Bosses at Rangers Football Club are embroiled in a fresh merchandise deal row with Sports Direct and Newcastle United owner Mike Ashley, less than three months after a High Court judge said both sides should “try to make peace”.

In a High Court hearing in London in late July, Mr Justice Phillips was told a dispute over the terms of the deal had been settled.

But lawyers representing the two sides were back at the court on Wednesday after Mr Ashley complained of a breach of contract by Rangers.

Bosses at Rangers dispute the complaint.

Mr Justice Phillips heard in July how a deal, which allows a company in the Sports Direct group to sell replica Rangers kits and other branded products, was expiring.

Mike AshleyMike Ashley and his company Sports Direct are embroiled in High Court action with Rangers (PA)

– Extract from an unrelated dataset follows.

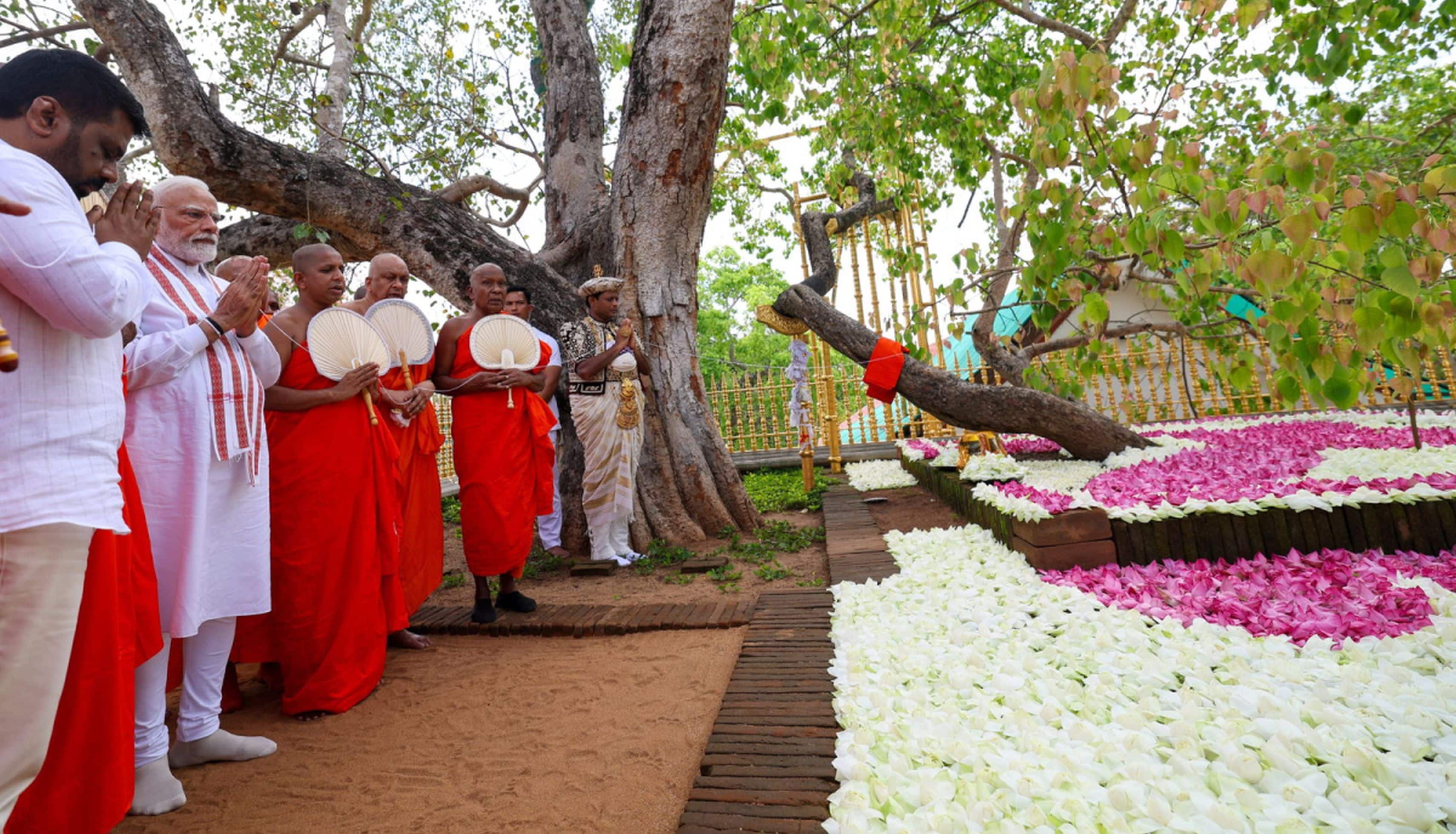 પ્રધાનમંત્રી શ્રી નરેન્દ્ર મોદીએ શ્રીલંકાના રાષ્ટ્રપતિ મહામહિમ અનુરા કુમારા દિસાનાયક સાથે, અનુરાધાપુરામાં પવિત્ર જયા શ્રી મહાબોધિ મંદિરની મુલાકાત લીધી અને પૂજનીય મહાબોધિ વૃક્ષ પર પ્રાર્થના કરી.

He had been told bosses at Rangers wanted to sign a new deal with a third party, but SDI Retail Services executives objected and said they should have a chance to match any new offer.

The judge had been due to analyse evidence about the meaning of a contract clause at a trial.

But lawyers representing both sides told him out-of-court agreements had been made.

The judge said Rangers had accepted claims made by SDI bosses.

He said Rangers and SDI were negotiating another deal, and added: “I would really have thought the time has come to try to make peace.”

The judge was told more than £500,000 had been spent on lawyers, with SDI running up legal costs of £350,000 and Rangers £185,000.

Mr Justice Phillips said Rangers’ bosses should pick up the vast majority of SDI’s legal bills as well as paying their own fees, adding SDI was “entitled to the costs”.

The latest dispute is being analysed by another judge, Mr Justice Teare.

Lawyers for SDI said Rangers had entered into an agreement with another company, following the hearing in late July, which was a breach of contract.

They said Rangers had defended “this conduct” on the basis of an argument about the construction of its agreement with SDI.